[Dataset items]
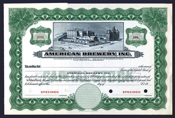 MD. 19xx (ca.1920's). Odd Shs. Specimen stock certificate. Vignette of brewery. Green Border and underprint, ornate vignette of brewery building. "Specimen" overprint. VF-XF condition. Scarce brewery certificate. SBNC.
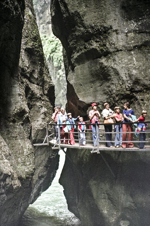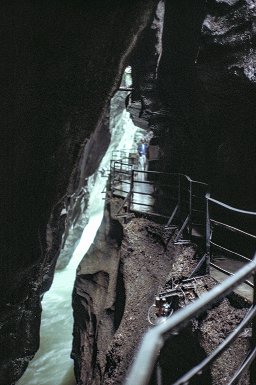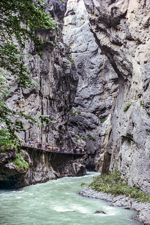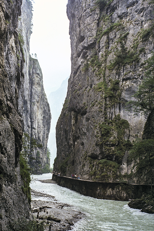 氷河期の終わる1万年ほど前に、溶けた氷河からの激しい流水が石灰岩の障壁を侵食して作った深く狭い割れ目。最も高い断崖は川面から180m屹立し、最も狭い部分の幅は僅か1m。渓谷の長さは1400m。そこに、断崖沿いの通路が作られたのは1889年。それ以来、観光地として多くの人を引き付けてきた。
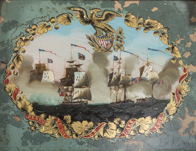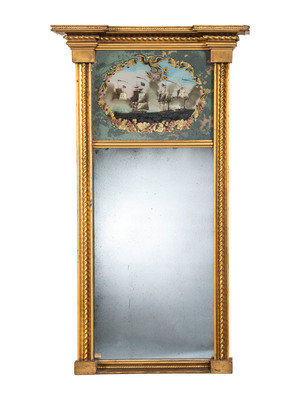 A Federal Giltwood and Eglomise 'Perry's Victory on Lake Erie' Mirror
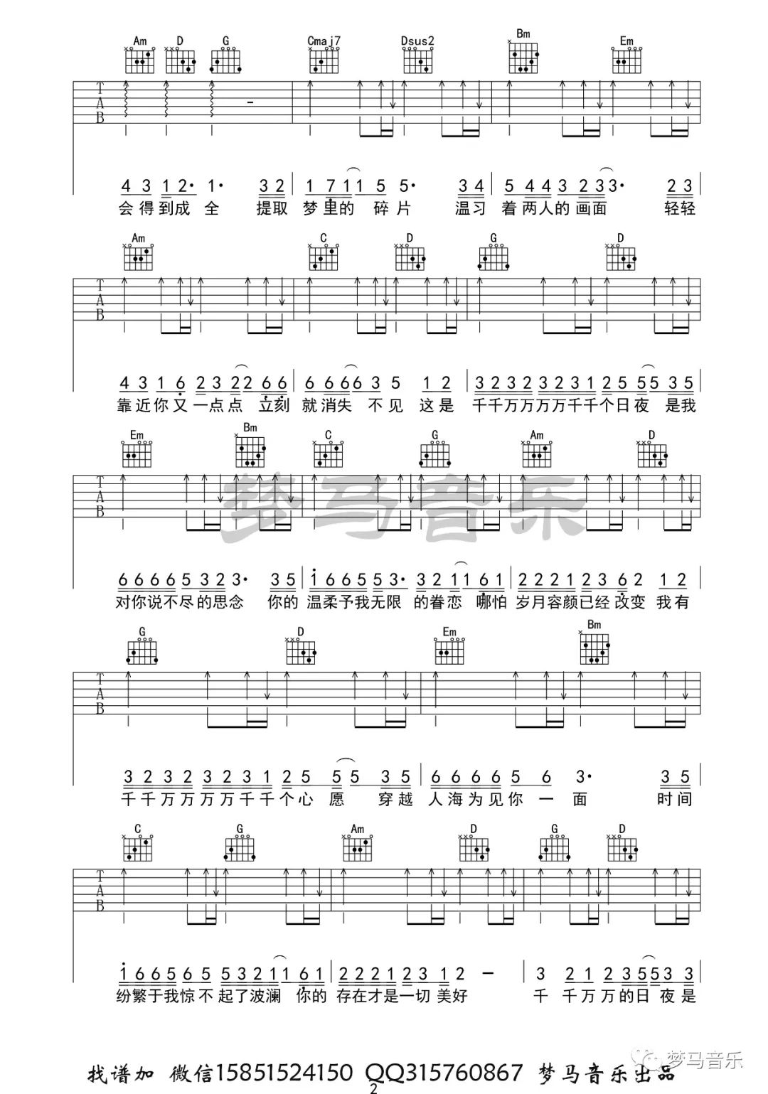 曲谱介绍: 深海鱼子酱《千千万万》吉他弹唱谱,采用G调指法编配原版,共有3张高清图谱。
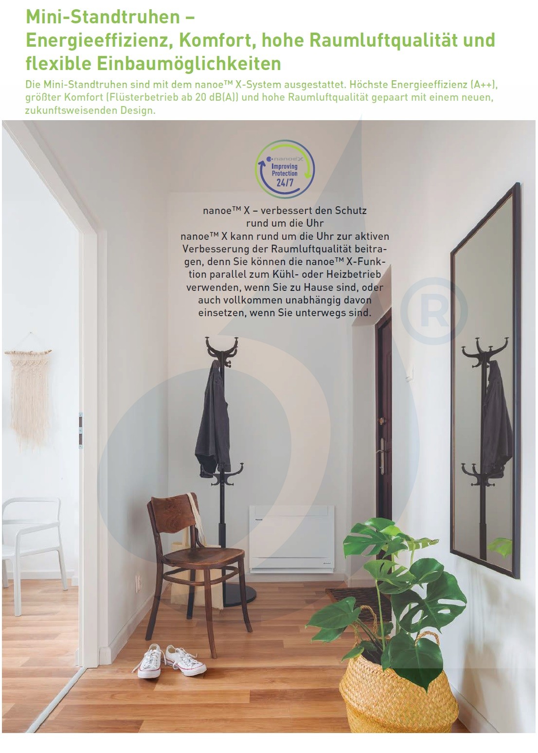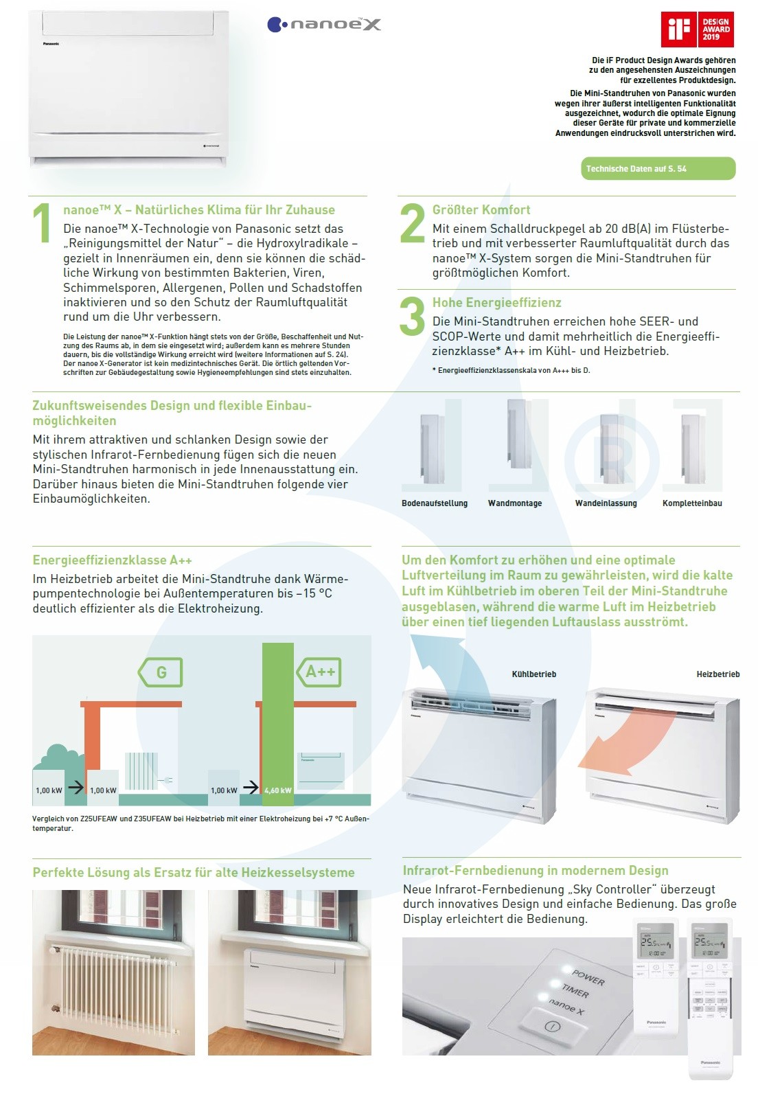 Vloerconsole met het nieuwe nanoe X luchtreinigingssysteem: Hoog rendement A++, comfort (Supersilent Technology slechts 20 dB(A)) tijdens het koelen en gezonde lucht gecombineerd met state-of-the-art design.De dubbele luchtuitlaat van de airconditioning (omhoog voor koude lucht en omlaag voor warme lucht) verhoogt het comfort en zorgt voor een gelijkmatigere omgevingstemperatuur.
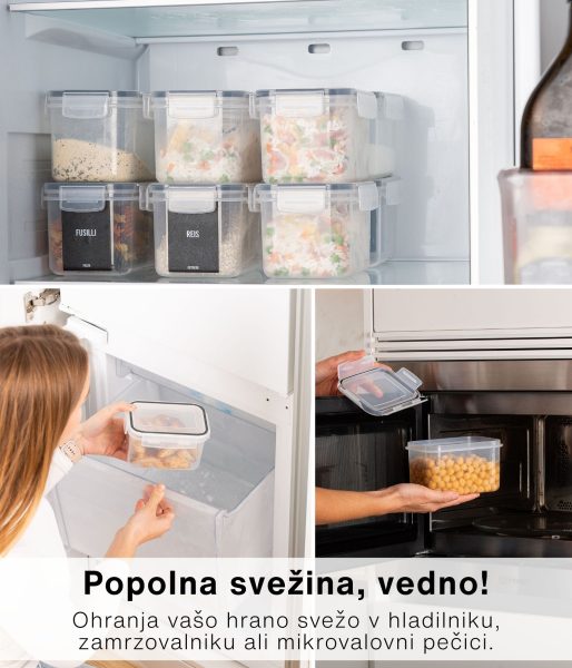 - VELIKO PROSTORA – naši organizatorji so na voljo v velikem kompletu 12 kosov s prostornino 0,8 l – dovolj prostora za organizirano shranjevanje živil!
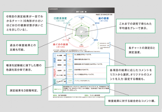 の6項目を測定・分析し、今の口腔内環境を確認することができます。
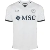 Het Napoli uitshirt 2024-2025 heeft hetzelfde template als het thuisshirt, maar dan in een andere kleurencombinatie. Het uitshirt is wit en bevat navy blauwe details. Deze kleuren komen terug in de v-hals en de lijn in de polokraag. Ook de taping op de zijkanten van het voetbalshirt en de band aan de onderkant van de mouwen zijn navy blauw. Hetzelfde geldt voor alle logo’s, welke op dezelfde plek staan als op het thuisshirt. Ook dit shirt bevat een repeterende tone-on-tone print van het clublogo, verbonden door golven, verwijzend naar de Golf van Napels. Het voetbalbroekje en de sokken hebben dezelfde kleurencombinatie als het voetbalshirt.
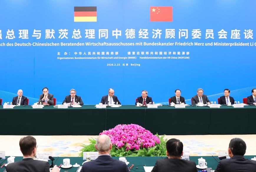 Chinese Premier Li Qiang and German Chancellor Friedrich Merz attend a symposium of the China-Germany economic advisory committee at the Great Hall of the People in Beijing, capital of China, Feb. 25, 2026. (Xinhua/Huang Jingwen)
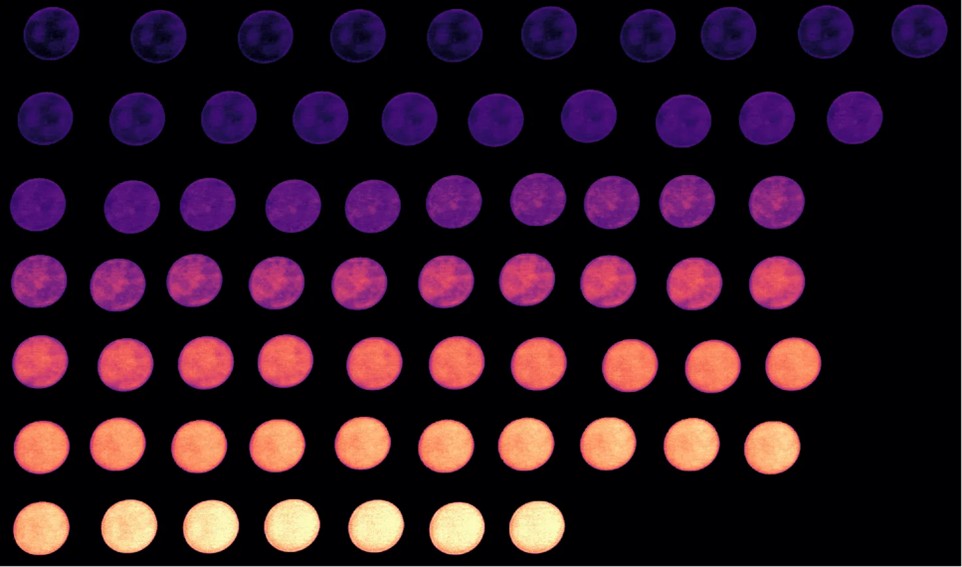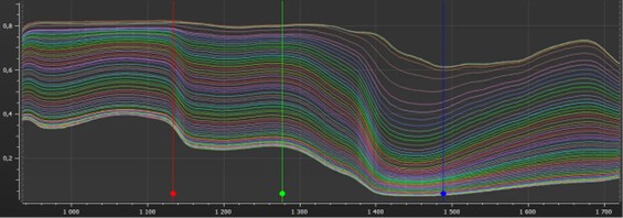 FX17高光谱相机对样品的干燥过程进行了监测,并每隔4分钟进行一次测量,直至样品完全干燥。整个过程共进行了67次测量,耗时264分钟。而后我们使用SpecimINSIGHT软件对数据进行了分析。
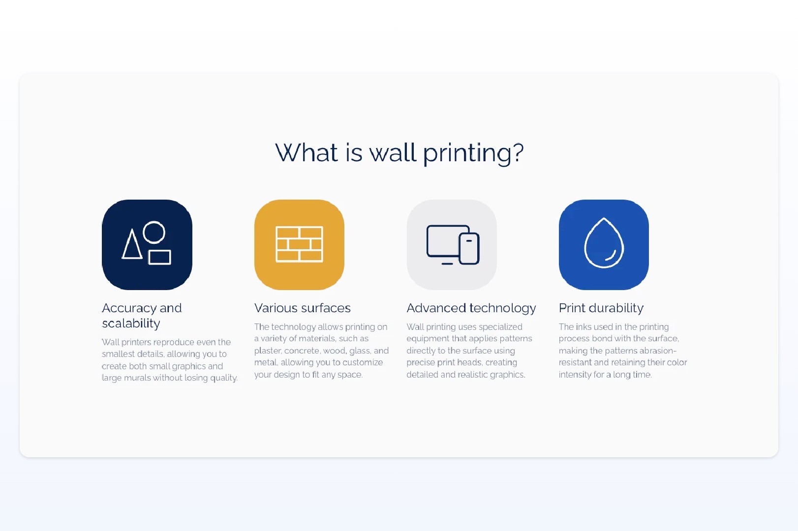 an educational structure explaining what wall printing is and how it works
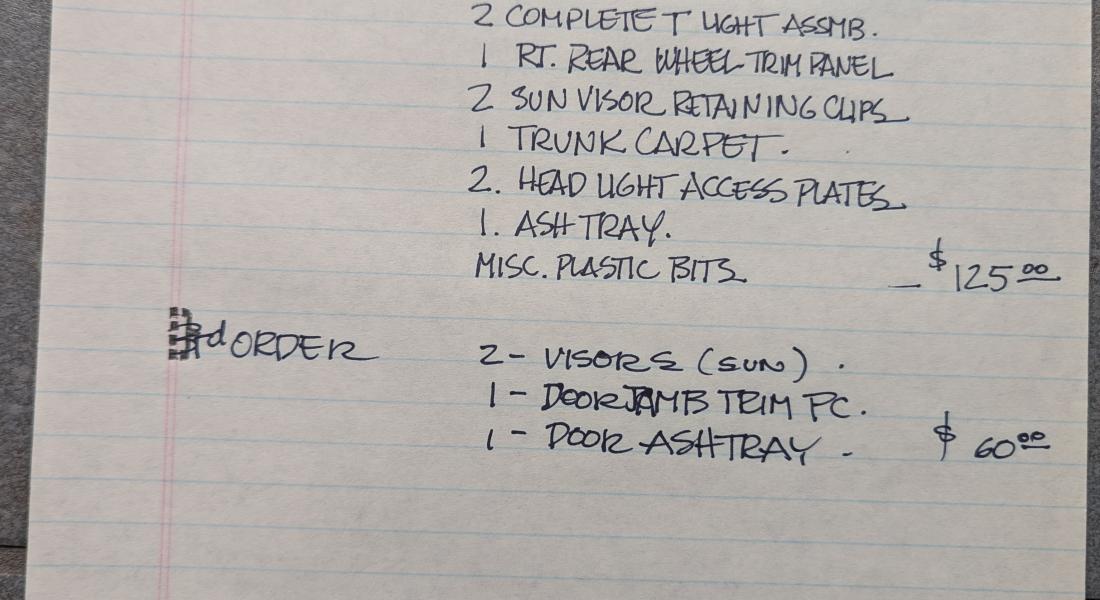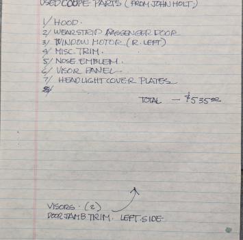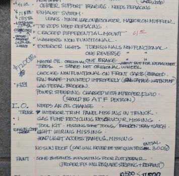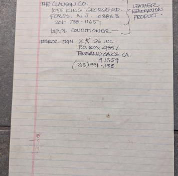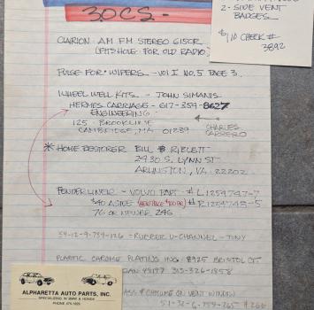 This is a collection of notes from a previous owner showing names of restoration shops, parts suppliers, resources for needed materials/parts, and a list of mechanical needs at the time.
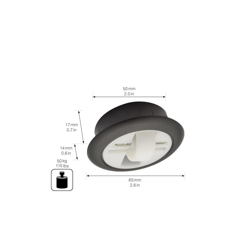 - Wheel diameter 27 mm, wheel width 12.5 mm, height 14 mm, housing diameter inside 50 mm / outer 65 mm, installation depth 17 mm, load capacity 50 kg
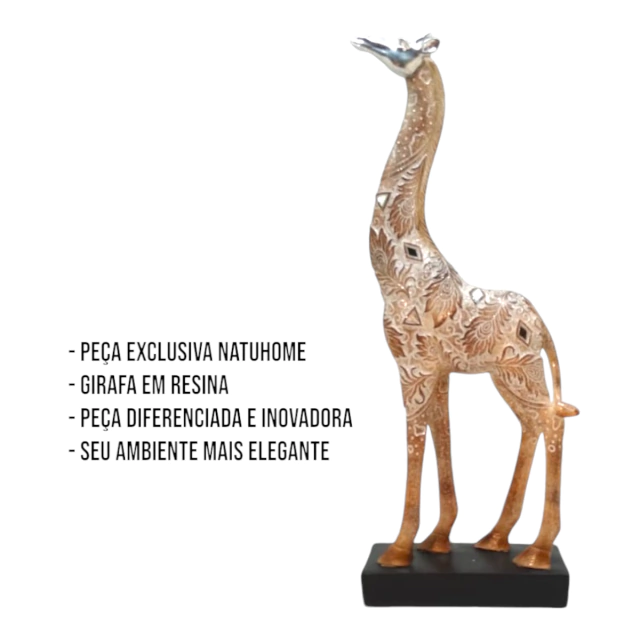 Desperte emoções profundas e simbolismo em seu ambiente com esta deslumbrante escultura de girafa em resina, meticulosamente trabalhada para exalar uma beleza atemporal.
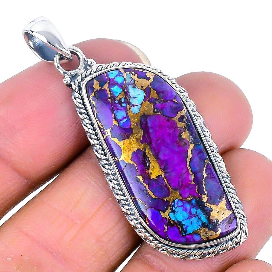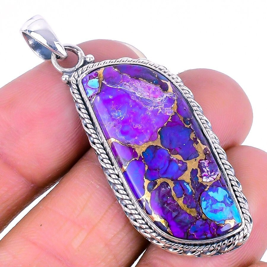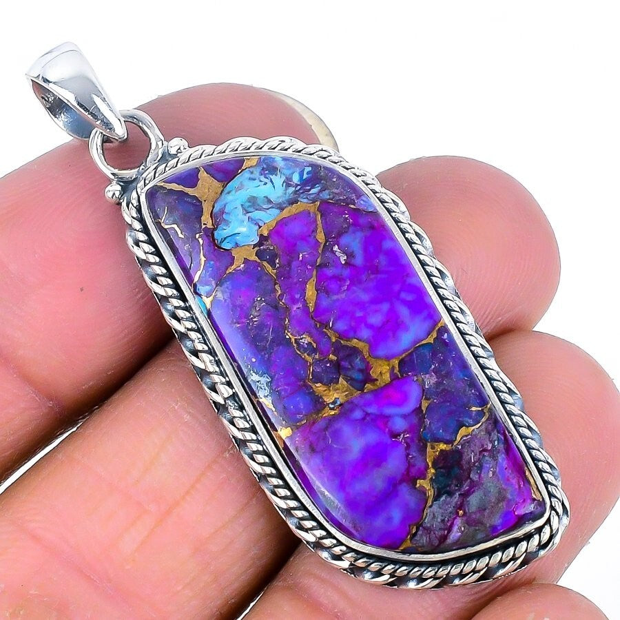 Copper Purple Turquoise Stone 925 Silver Mothers day Anniversary Wedding Pendant
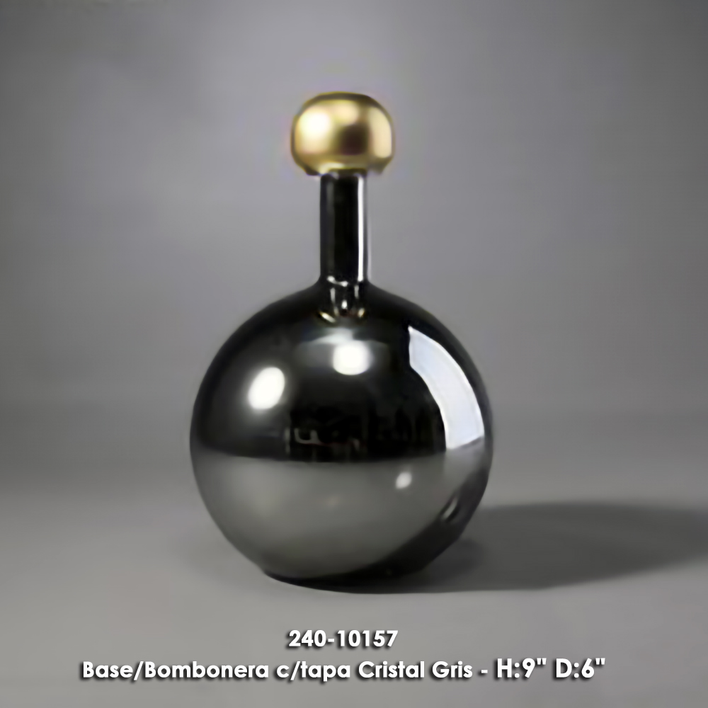Base/Bombonera c/tapa Cristal Gris - H:9" D:6" Base/Bombonera c/tapa Cristal Gris - H:9" D:6"

### What the task asks
While skipping the pictures, transcribe the data above from the line showing "A Federal Giltwood" through the line showing "- Wheel diameter", exactly and with both ends.

### The completed task
 A Federal Giltwood and Eglomise 'Perry's Victory on Lake Erie' Mirror
 曲谱介绍: 深海鱼子酱《千千万万》吉他弹唱谱,采用G调指法编配原版,共有3张高清图谱。
 Vloerconsole met het nieuwe nanoe X luchtreinigingssysteem: Hoog rendement A++, comfort (Supersilent Technology slechts 20 dB(A)) tijdens het koelen en gezonde lucht gecombineerd met state-of-the-art design.De dubbele luchtuitlaat van de airconditioning (omhoog voor koude lucht en omlaag voor warme lucht) verhoogt het comfort en zorgt voor een gelijkmatigere omgevingstemperatuur.
 - VELIKO PROSTORA – naši organizatorji so na voljo v velikem kompletu 12 kosov s prostornino 0,8 l – dovolj prostora za organizirano shranjevanje živil!
 の6項目を測定・分析し、今の口腔内環境を確認することができます。
 Het Napoli uitshirt 2024-2025 heeft hetzelfde template als het thuisshirt, maar dan in een andere kleurencombinatie. Het uitshirt is wit en bevat navy blauwe details. Deze kleuren komen terug in de v-hals en de lijn in de polokraag. Ook de taping op de zijkanten van het voetbalshirt en de band aan de onderkant van de mouwen zijn navy blauw. Hetzelfde geldt voor alle logo’s, welke op dezelfde plek staan als op het thuisshirt. Ook dit shirt bevat een repeterende tone-on-tone print van het clublogo, verbonden door golven, verwijzend naar de Golf van Napels. Het voetbalbroekje en de sokken hebben dezelfde kleurencombinatie als het voetbalshirt.
 Chinese Premier Li Qiang and German Chancellor Friedrich Merz attend a symposium of the China-Germany economic advisory committee at the Great Hall of the People in Beijing, capital of China, Feb. 25, 2026. (Xinhua/Huang Jingwen)
 FX17高光谱相机对样品的干燥过程进行了监测,并每隔4分钟进行一次测量,直至样品完全干燥。整个过程共进行了67次测量,耗时264分钟。而后我们使用SpecimINSIGHT软件对数据进行了分析。
 an educational structure explaining what wall printing is and how it works
 This is a collection of notes from a previous owner showing names of restoration shops, parts suppliers, resources for needed materials/parts, and a list of mechanical needs at the time.
 - Wheel diameter 27 mm, wheel width 12.5 mm, height 14 mm, housing diameter inside 50 mm / outer 65 mm, installation depth 17 mm, load capacity 50 kg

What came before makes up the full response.